La base de données ForeST et la technologie complétée par la collection, DART-TOFMS (analyse directe en spectrométrie de masse en temps de vol en temps réel), fourniront un outil puissant aux agents des douanes, des forces de l'ordre, du pouvoir judiciaire, des législateurs et d'autres personnes aux prises avec la dévastation environnementale, culturelle et économique causée par l'exploitation forestière illégale et le commerce de bois durs et de bois précieux. Les Nations Unies et Interpol estiment que ce commerce coûte à l’économie mondiale jusqu’à 152 milliards de dollars par an, soit plus que la valeur annuelle combinée de l’ivoire, de la corne de rhinocéros, des oiseaux, des reptiles et des coraux faisant l’objet d’un trafic.

L'instrument DART applique un flux d'ions d'hélium chauffé sur l'échantillon et fournit rapidement un profil chimique complet. La personne qui teste le bois - un agent des douanes, par exemple - doit simplement tenir un petit morceau de bois devant le faisceau d'ions pour générer une analyse. Il est non invasif, nécessite très peu de préparation et fonctionne presque instantanément si l’échantillon en question est inclus dans la base de données.

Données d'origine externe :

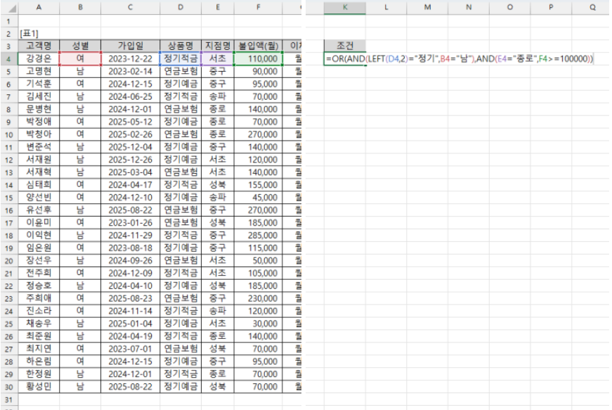 수식] =AND(LEFT(D4,2)="정기",B4="남")
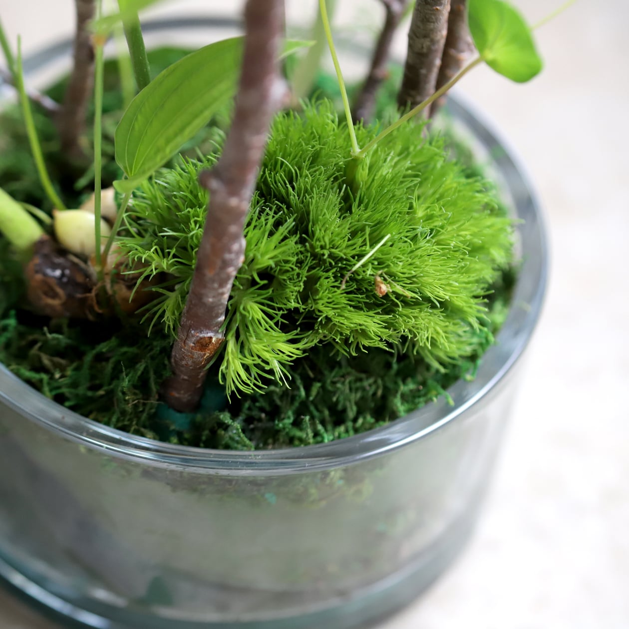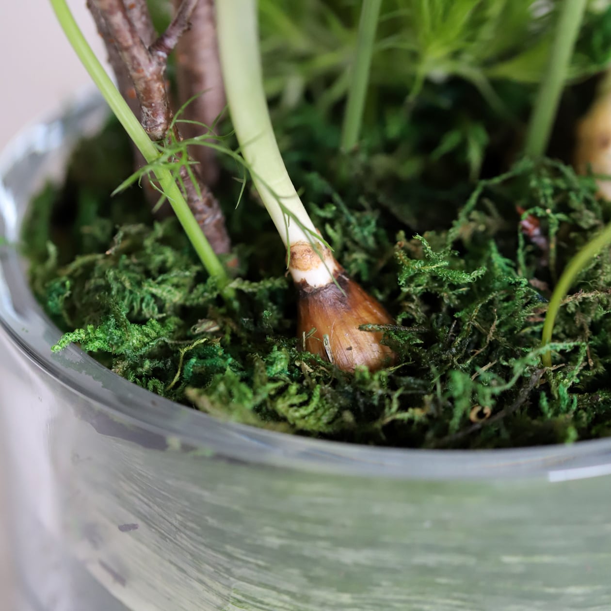 苔や球根の静かな存在感が重なり、

Cady Lancaster, boursière postdoctorale et chimiste, est l'un des scientifiques qui collaborent au projet de recherche mené conjointement par le World Resources Institute et le laboratoire médico-légal du Fish and Wildlife Service des États-Unis.

«Pour moi, cette collection est vraiment inestimable, car sans elle, il n'y aurait aucun moyen de continuer à travailler sur ce projet et de lutter contre le trafic d'espèces sauvages et en particulier la déforestation», dit-elle. «Le trafic de bois est tellement prolifique et mondial. Une seule collection de bois, comme la Wilson, peut fournir des échantillons provenant de dizaines de pays et de centaines de peuplements à un seul endroit. Sans cette représentation, nous ne pourrions pas mener à bien un projet de cette ampleur. ”

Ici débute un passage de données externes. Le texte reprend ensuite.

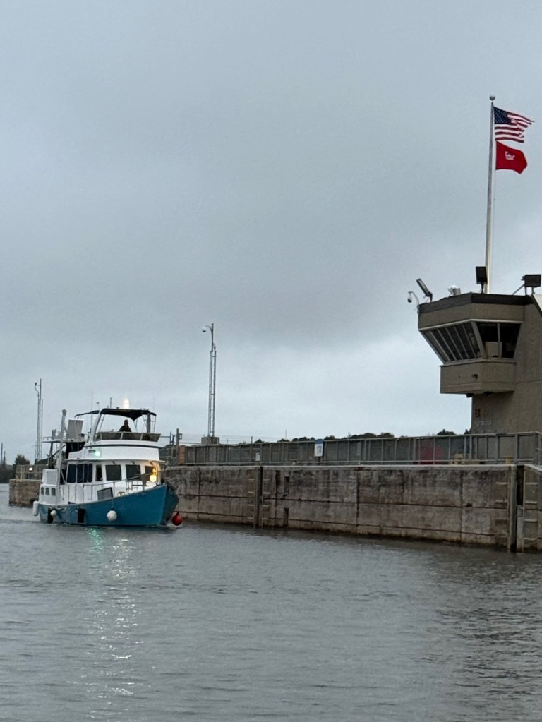 A small blue boat appeared just as we were entering the first lock and became part of the flotilla. He was a Canadian who was making his way to Florida in this small and slow converted sail boat with a 2 hp motor. He tied up with another boat in the lock chamber but was soon left fair behind as we speedier boats (6 knots!) made out way to the next one. We waited but he did not appear, so we all proceeded without him. Later, we learned that he had stopped and anchored out for a time, but kept going steadily until he showed up with us again many miles later. Truly a tortoise and the hare story!
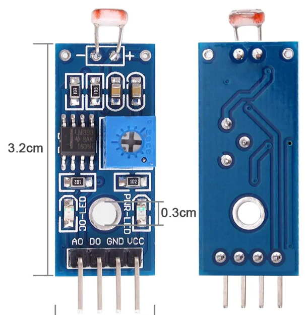 Vous trouverez ce module sous cette forme ou sous forme de copie sur de nombreux sites de vente en ligne. La vue de dessus permet de repérer les composants principaux. A gauche la résistance LDR (de type GL5516) sensible à la lumière (décrite ci-dessous), le comparateur LM393 chargé de comparer la tension aux bornes de la LDR avec une tension de référence réglable. Le potentiomètre permet d’ajuster le seuil de déclenchement en fonction du niveau de lumière. Tourné dans le sens horaire, il augmente la sensibilité. Dans le sens anti-horaire la sensibilité diminue. Les flèches indiquent le sens de réglage.
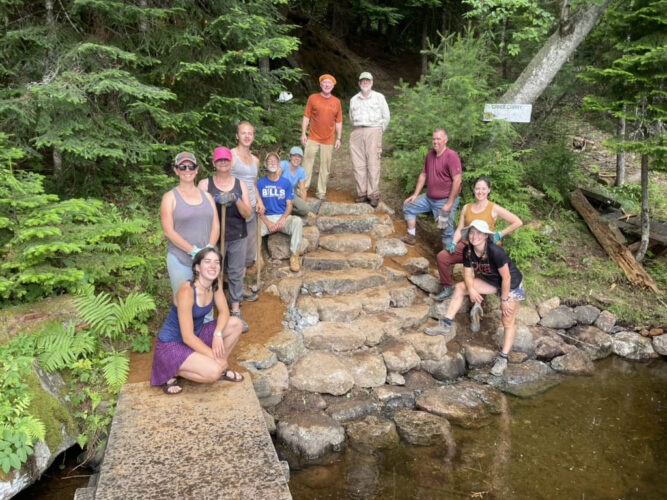SARANAC LAKE — A professional trail crew and local volunteers teamed up earlier this summer to continue the rehabilitation of the Lower Locks portage trail.
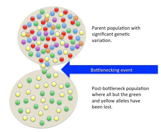 The diagram above illustrates the impact of these processes. Many alleles are lost, and the remaining breeding population passes on the same alleles. This results in a lack of genetic diversity, making genetic diseases present in the population more likely to be inherited.
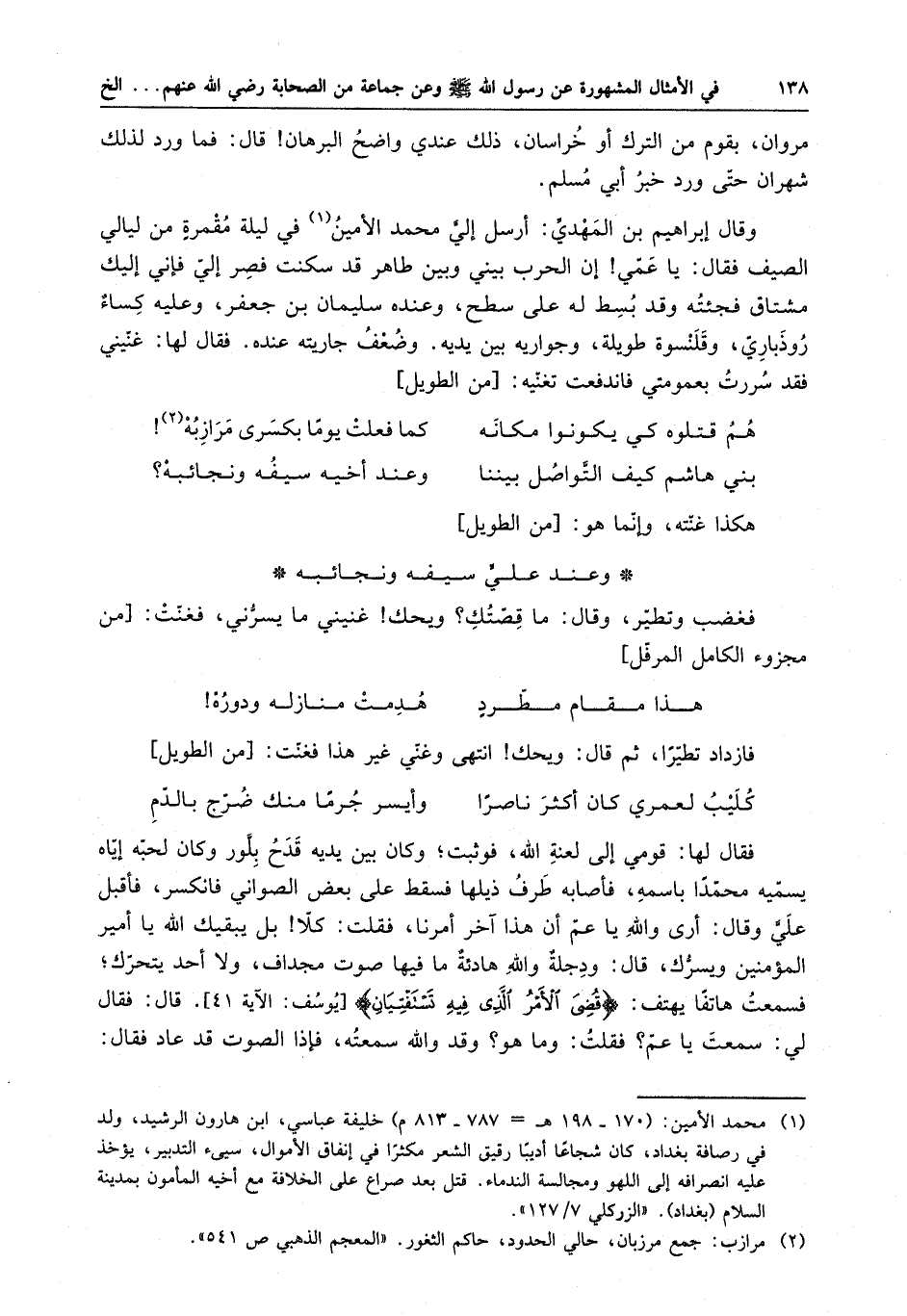 مروان ، بقوم من الترك أو خراسان ، ذلك عندي واضح البرهان قال : فما ورد لذلك شهران حتى ورد خبر أبي مسلم . وقال إبراهيم بن المهدي : أرسل إلى محمد الأمين في ليلة مقمرة من ليالي الصيف فقال : يا عمي إن الحرب بيني وبين طاهر قد سكنت قصر إلي فإني إليك مشتاق فجئته وقد بسط له على سطح ، وعنده سليمان بن جعفر ، وعليه كساءٌ روذباري ، وقلنسوة طويلة ، وجواريه بين يديه وضعف جاريته عنده . فقال لها : غنيني فقد سررت بعمومتي فاندفعت تغنيه :

Des échantillons de la collection Wilson Wood figurent parmi des centaines de spécimens rarement exposés exposés dans l'exposition «Objets de merveilles», actuellement exposés au Natural History Museum. L'exposition examine le rôle critique que jouent les collections de musée dans la quête scientifique du savoir.

Le bois, présenté sous forme de diapositives préparées pour un microscope, est d'un autre monde, ses motifs et ses teintes étant aussi inattendus et provocants que l'art abstrait. À travers cette lentille, un échantillon de Cornus stolonifera, communément appelé cornouiller rouge et qu'on trouve partout en Amérique du Nord, ressemble à un vitrail, ses cellules pâles géométriques se fanant vers le haut entre des fils rouges diaphanes.

Pendant les années 1950, Wilson était chercheur associé au Chicago Natural History Museum et, entre 1940 et 1960, il a occupé des postes de direction au sein de la Société internationale des collectionneurs de bois (y compris le président). C'était un archiviste rigoureux. Selon Stan Yankowski, spécialiste des musées dans le département de botanique, chaque échantillon de sa collection, qui est parvenu au Smithsonian en 1960, est coupé à un diamètre de 7 pouces sur 3 et joliment poncé. Les spécimens portent le nom du bois, et Wilson a conservé quatre fichiers de fiches croisées désignant la famille, le genre et l’espèce, un fichier numérique et un nom commun.

Selon Yankowski, sur les 43 109 échantillons de bois de la collection du musée, celui de Wilson est le plus gros don d'un collectionneur privé. Cady Lancaster dit qu'elle a travaillé avec environ 1 600 échantillons de la collection et que, dans le but de rendre la base de données complète, elle parcourt actuellement le monde à la recherche d'échantillons supplémentaires.

«Une identification fiable du bois est l’un des défis fondamentaux auxquels sont confrontés les efforts pour contrôler l’abattage illégal et le commerce associé», a déclaré Charles Barber, directeur de l’Initiative pour la légalité forestière du WRI. «Si nous ne disposons pas d'informations de base sur les espèces et l'origine géographique des bois suspects, il est difficile de détecter, de prévenir ou de poursuivre en justice les exploitants forestiers et les commerçants illégaux."

«DART-TOFMS est l’une des nouvelles technologies les plus prometteuses pour l’identification du bois en termes de précision, de coût et de simplicité méthodologique», déclare M. Barber. «Toutefois, à l'instar d'autres approches, les applications pratiques de DART-TOFMS à la fois pour les services répressifs et pour la gestion de la chaîne logistique nécessitent le développement d'une base de données exemple, qui constitue une priorité pour le travail de WRI à cet égard.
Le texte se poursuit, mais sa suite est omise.